Selain latar belakang ini, ada lagi alasan karena ingin mendapat jodoh yang baik. Jodoh kan cerminan diri kita. Kalau kita mau pasangan taat agama, ya harus taat dulu. Mau punya pasangan cerdas, ya harus cerdas dulu. Alhamdulillah tanpa butuh waktu lama, niat tidak lurus ini segera diluruskan Allah setelah membaca hadits
"Semua perbuatan tergantung niatnya, dan (balasan) bagi tiap-tiap orang (tergantung) apa yang diniatkan; barangsiapa niat hijrahnya karena Allah dan Rasul-Nya, maka hijrahnya adalah kepada Allah dan Rasul-Nya. Barangsiapa niat hijrahnya karena dunia yang ingin digapainya atau karena seorang perempuan yang ingin dinikahinya, maka hijrahnya adalah kepada apa dia diniatkan.”. (HR.Bukhari : 52)
Setelah tahu ini, langsung benahin diri dan lurusin niat. Tidak perlu khawatir dengan apa yang ada di dunia setelahnya.
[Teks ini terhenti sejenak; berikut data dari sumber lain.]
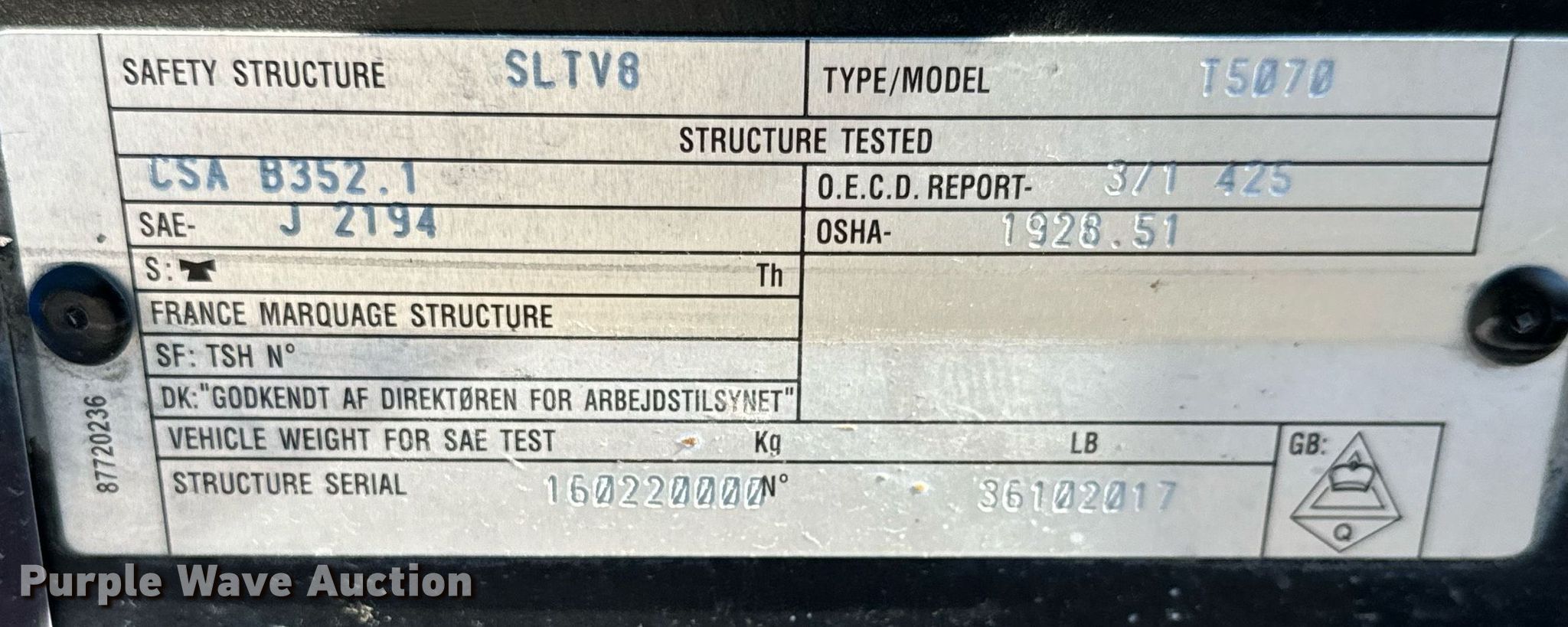2011 New Holland T-5070 MFWD tractor. Hours: 5,018 on meter, Serial: ZBJH15072, KDOT ID: 352-2061. Engine CNH 445TAMLA, Displacement: 4.5L, Cylinders: 4, Fuel type: Diesel, HP: 111. Transmission Synchro, 12F - 12R, Left-hand reverser, Differential lock. Operators station AC, Heat. Features PTO: 1000, Three point Top link, Seven pin outlet, Hydraulic remote sets Rear: 3, Suitcase weights: 10. Tires Front: 380/85R24, Rear: 460/85R34. Notes Warning indicator: Master warning, Dead battery, Roof leak. Kansas Dept. of Transportation. Salina, KS 67401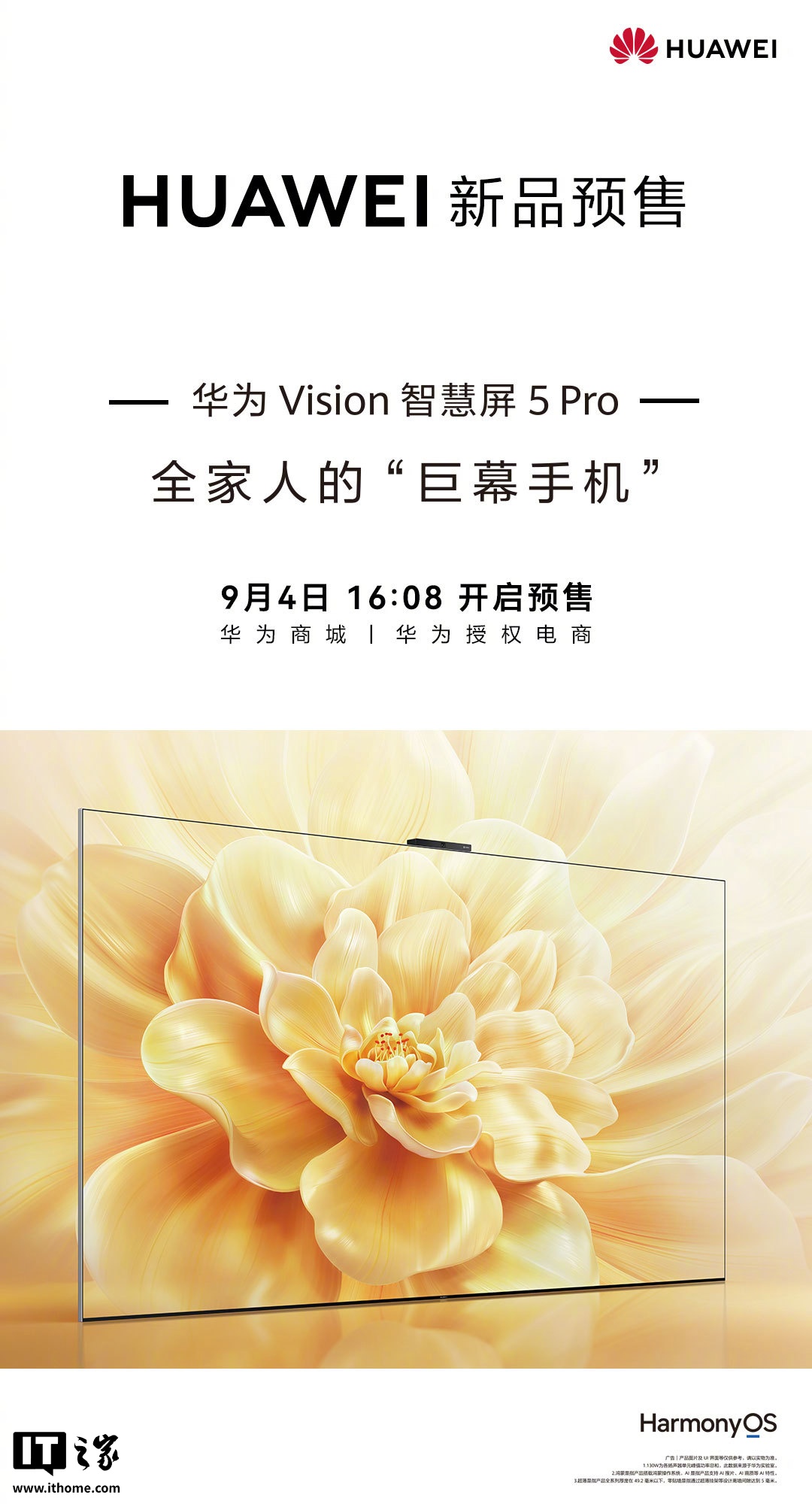 IT之家从华为官方预热海报小字获悉,华为 Vision 智慧屏 5 Pro 拥有 30W 功率扬声器,搭载鸿蒙 HarmonyOS 操作系统,支持 AI 搜片等特性,可贴墙安装。

Kejarlah Allah dan Rasul-Nya, maka dunia akan mengikuti.

Sekarang pun, bukan berarti baik. Sama kok, masih menjalankan syariat-syariat yang telah dilakukan. Tetapi yang dulu berguguran, akhirnya dilakukan kembali. Yang belum pernah dijalankan, coba dijalankan. Kali ini dengan niat dari diri sendiri. Keinginan belajar pun jadi semakin tinggi seiring menyadari bahwa semakin banyak belajar, semakin merasa kecil dan menyadari kita tak tahu apa-apa. Orang tua pun sangat terharu karena ternyata usaha yang dilakukannya untuk mencekokiku dengan segala macam dan doa-doa yang terkirim, tidak sia-sia. Untuk teman-teman, banyak yang kefilter karena perubahanku ini. Tetapi hal ini tidak kusesali karena bersamaan juga dengan kehidupan di usia 20 tahunan--memang banyak yang datang dan pergi. Aku yakin setiap orang yang Allah kirim ke duniaku pasti memberikan pembelajaran.
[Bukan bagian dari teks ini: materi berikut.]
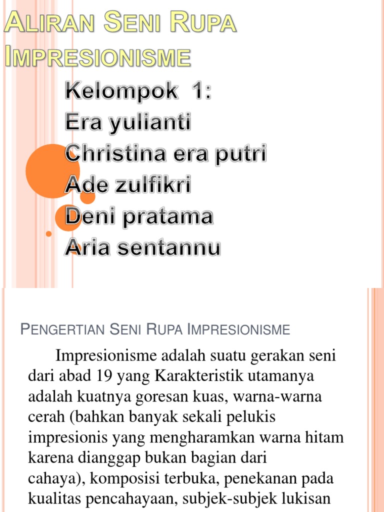 Sejarah Seni Rupa Topik 6 Seni Rupa Modern Impresionisme Expresionisme Pointilisme Fauvisme Futurisme Dadaisme Kubisme Pdf Download Gratis from docplayer.info Impresionisme adalah teknik melukis yang berusaha menampilkan kesan yang di tangkap dari objek. Sebuah lukisan memiliki teknik ,ciri khas,dan tema yang disebut gaya atau aliran. Sementara teknik lukisan merupakan cara untuk melukis agar menghasilkan gambar dengan ciri khas tertentu. Ingin membuat karya seni seperti monet dan van gogh? Aliran impresionisme adalah awal dari kebangkitan seni modern dan penting untuk dipelajari. Pengalaman empirik pelukis impresionisme tentang kesan warna melahirkan teknik melukis dengan sapuan (totolan) kuas dengan warna murni aliran fauvisme berangkat dari usaha menyempurnakan aliran impresionisme, suatu peningkatan gaya paul gauguin yang dekoratif dan gaya. Dokumentasi video eksplorasi melukis pemandangan sawah dengan cat minyak, lukisan ini dibuat dengan gaya impresionisme menggunakan kombinasi teknik pallete. Memperhatikan kedisiplinan, kedinamisan, dan gaya mengekspresikan sebuah kecepatan.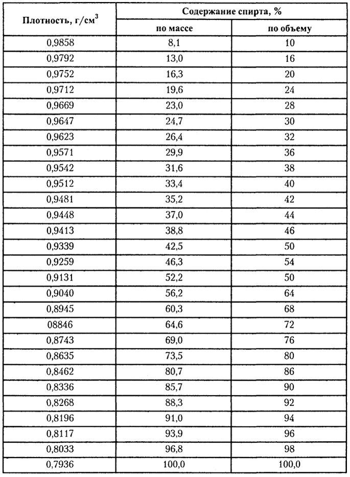 - Плотность и состав водно-спиртовой смеси определите по справочнику или по таблице ниже (плотность будет соответствовать содержанию спирта по объему).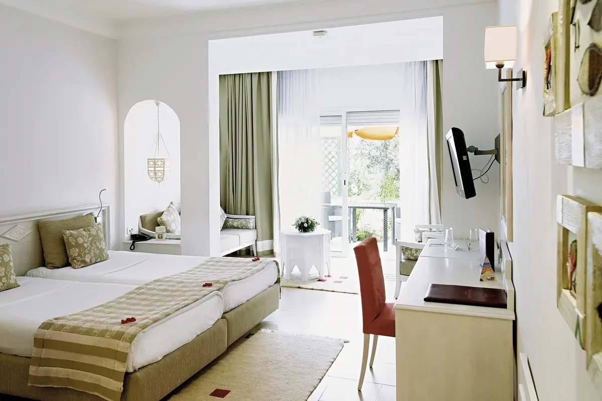 26-30 m², podwójny, z łóżkiem dostawionym, standardowy, budynek boczny, od strony ogrodu, widok na morze, połączony pokój dzienny i sypialnia, pojedyncze łóżko (king size), dwa łóżka (queen size), 1 łazienka, prysznic lub wanna, oddzielne WC, szlafrok kąpielowy, suszarka do włosów, lusterko kosmetyczne, wykładzina dywanowa, klimatyzacja, centralnie sterowana, ogrzewanie, minibar płatne, sejf, 1 TV (satelitarna, programy niemieckojęzyczne, płaski ekran), Wi-Fi, balkon lub taras, zmiana pościeli (3 x w tygodniu), zmiana ręczników (dzienne), 24 H room serviceWyżywienie - Sindbad

Hal yang agak kusesali adalah berkali-kali aku tidak merangkul hidayah yang sudah datang. Berkali-kali aku sadar tapi kudiamkan begitu saja. Mengapa ku tidak menyadarinya lebih awal? Tetapi aku bersyukur karena Allah masih memberikan kesempatan aku berkali-kali untuk sadar. Apalagi seperti yang difirmankan Allah
“Sesungguhnya kamu tidak akan dapat memberi petunjuk kepada orang yang kamu kasihi, tetapi Allah memberi petunjuk kepada orang yang dikehendaki-Nya, dan Allah lebih mengetahui orang-orang yang mau menerima petunjuk.” (QS Al Qashash: 56).
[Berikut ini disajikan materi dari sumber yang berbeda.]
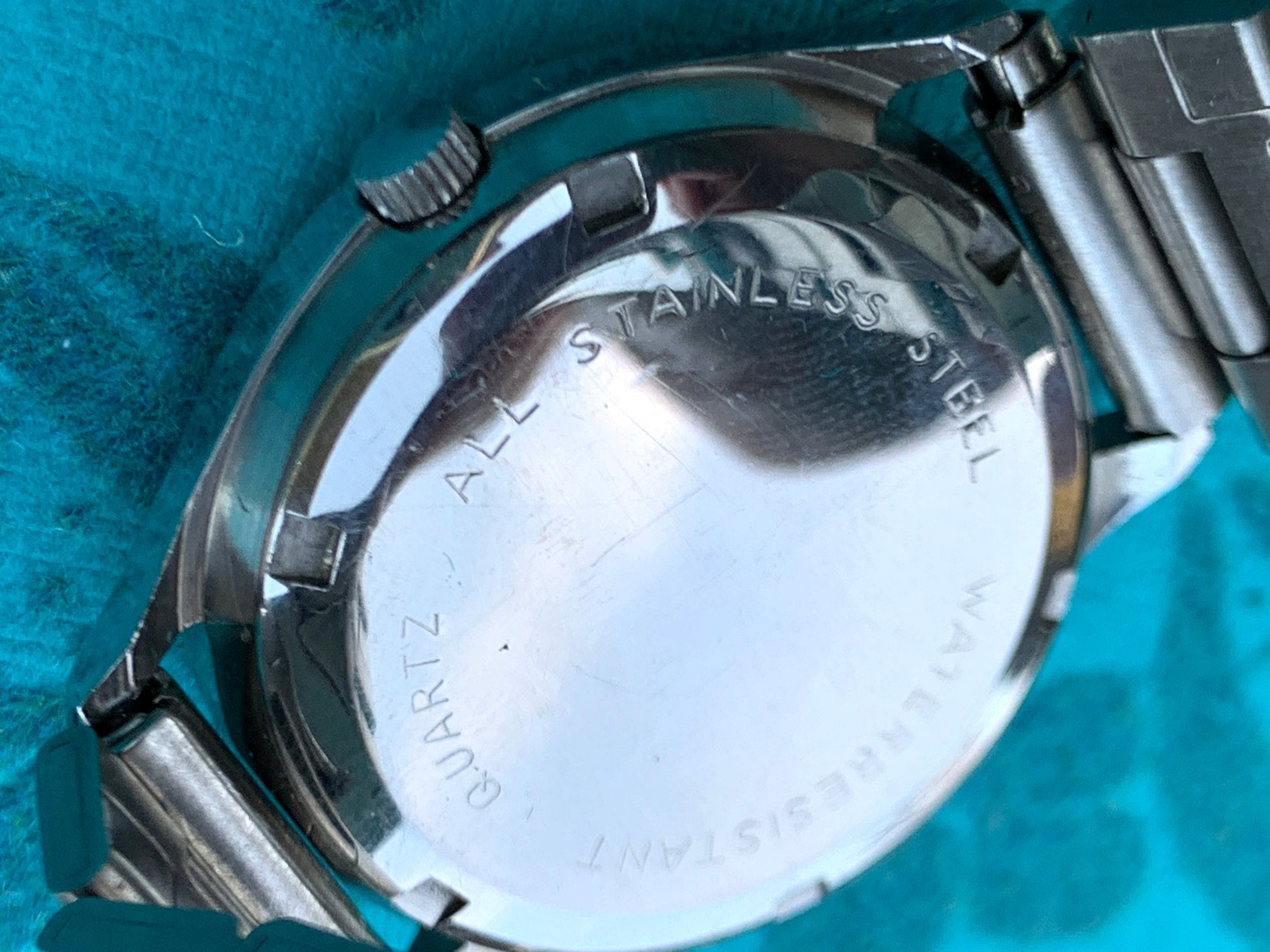 This watch probably dates from around 1979/1980 and has been well stored among Bob's Watch Collection since 2001. A fresh battery and a few weeks observation show it working steadily and keeping excellent time. Date and time set easily and are aligned perfectly. So old, but so new. Crystal is perfect, metal has very minimal light scratches -- see photos.

Berkali-kali pula bersyukur karena masih mendapatkan kesempatan untuk menjadi orang yang dikehendakinya.


Benar kan ceritaku tidak seheroik para pejuang hijrah yang lain? Walau begitu, aku bersyukur. Aku yakin setiap perjalanan itu memang sudah disuratkan Allah kepada hambaNya. Allah kan tidak akan memberikan cobaan di luar batas kemampuan hambaNya. Perjalanan yang berbeda pun sudah disesuaikan dengan hambaNya. Yang terpenting adalah makna yang didapatkan sama. Wah banget ya kalau dipikir? Karena jadi kamu, mungkin aku tidak kuat untuk berhijrah. Begitu juga sebaliknya. Semoga kamu selalu membalas sapaan lembut dari Allah. Jemput hidayah yang menyapamu karena belum tentu kamu mendapat kesempatan menjadi orang yang dikehendakiNya lagi.